Anatomically, the airway space region consists of structures from above the plica vocalis to its two openings (nose and mouth) responsible for nasal respiration and the growth and development of craniofacial structures [1, 2]. Changes in the pharyngeal airway morphology that occur following treatment in terms of management modalities have recently garnered attention among Ear Nose Throat (ENT) physicians/surgeons, maxillofacial surgeons, and orthodontists [3]. Severe deformation of airway morphology may result in impaired respiratory function, lower quality of life, and even life-threatening illnesses such as obstructive sleep apnea (OSA) [4]. OSA may lead to blocking which results in inadequate breathing during sleep. OSA accounts around 2–7% of adults [5]. However, most OSA cases remain underdiagnosed due to high cost and delayed diagnostic processes [6].

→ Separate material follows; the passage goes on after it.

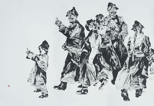 最近几年,殷会利的笔墨技巧日臻完善,创作出一批尺幅巨大,具有很强视觉冲击力的作品。比如有《祥光大巴扎》、《使鹿鄂温克的新生活》、《几代人》等。这些民族主题美术创作反映了他对丰富多彩民族文化的关注,同时也反映了他开放的艺术观念。《祥光大巴扎》表现新疆人民赶巴扎的场景。整幅画面人物众多,他借助线条的疏密、黑白的转换、墨色的轻重把集市上不同年龄性别的人物表现的井然有序,同时又不失热闹气氛。这体现了他画面构图的组织能力以及笔墨的驾驭能力,同时也反映出他扎实的素描造型功底。《使鹿鄂温克的新生活》是他最近两年创作的另一幅力作,画幅巨大,表现鄂温克人的生活场景。与《祥光大巴扎》一样,人物众多。这似乎是他的有意选择。在画面中安排大量人物,然后通过人物的组织安排,排列组合,形成一种高低错落的节奏感。通过画面取舍以及黑白色块整体感的强化,来达到统一中有变化、变化中不失统一的效果。他对画面整体视觉效果的强化没有抛弃细节,有时候画面的局部细节恰巧增强了节奏感。比如《祥光大巴扎》中柳条筐的刻画、《使鹿鄂温克的新生活》中摩托车的描绘,以及不同年龄不同民族人物神态特征的表现,都反映了他对细节的把握能力。

Polysomnography is a conventional technique that remains the gold standard in OSA diagnosis and uses the apnea-hypopnea index (AHI) to determine the severity. This technique is however expensive, time-consuming, and often unreliable [7]. Efforts were made to develop new techniques using image modalities to directly reflect the upper airway status [8]. Although 2-dimensional imaging techniques were used to assess craniofacial morphology, nevertheless, the complexity of the airways could not be entirely carried out [9]. Later, three-dimensional (3D) computed tomography (CT) imaging techniques have been developed to assess the changes in the airway extending from the tip of the nose to the upper end of the trachea [10].

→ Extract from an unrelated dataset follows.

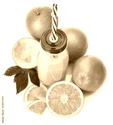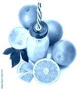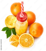 Fresh orange juice with fruit and green leaves in glass can straw, isolated on white background clipping path included.

Since Cone Beam Computed Tomography (CBCT) has the ability to capture high-quality images which demonstrate more reliable to be used in reconstruction of the 3D airway structures. It enabled the accurate analysis of the cross-sectional areas and the volumetric regions [11]. As a result, various studies utilized 3D model building from CBCT images to investigate airway anatomy. In 2021, a comprehensive scoping review was published which shed light on the existing evidence on the utilization of artificial intelligence and machine learning in the field of orthodontics and its clinical translation [12]. This review found that Artificial Neural Networks (ANN) were the most commonly used machine learning algorithm and their major domains were diagnosis and treatment planning followed by landmark and growth assessment. Another systematic review was published in 2022 which analysed the development, application and performance of artificial intelligence (AI) in automated cephalometric landmark detection and diagnosis [13]. From the outcome of this review it was seen that AI based analyses offered a clinically acceptable diagnostic performance which accuracy levels similar to trained orthodontic specialists. The major benefit seen was in terms of providing a very quick turnaround time for cephalometric diagnosis. In the year 2022 another paper was published discussing the validity of machine learning models in the field of orthodontics [14]. The authors concluded with the help of various clinical examples that orthodontic practitioners must identify the limitations and benefits of using AI models and that algorithms that base their learning on human mistakes also adopt mistakes and biases.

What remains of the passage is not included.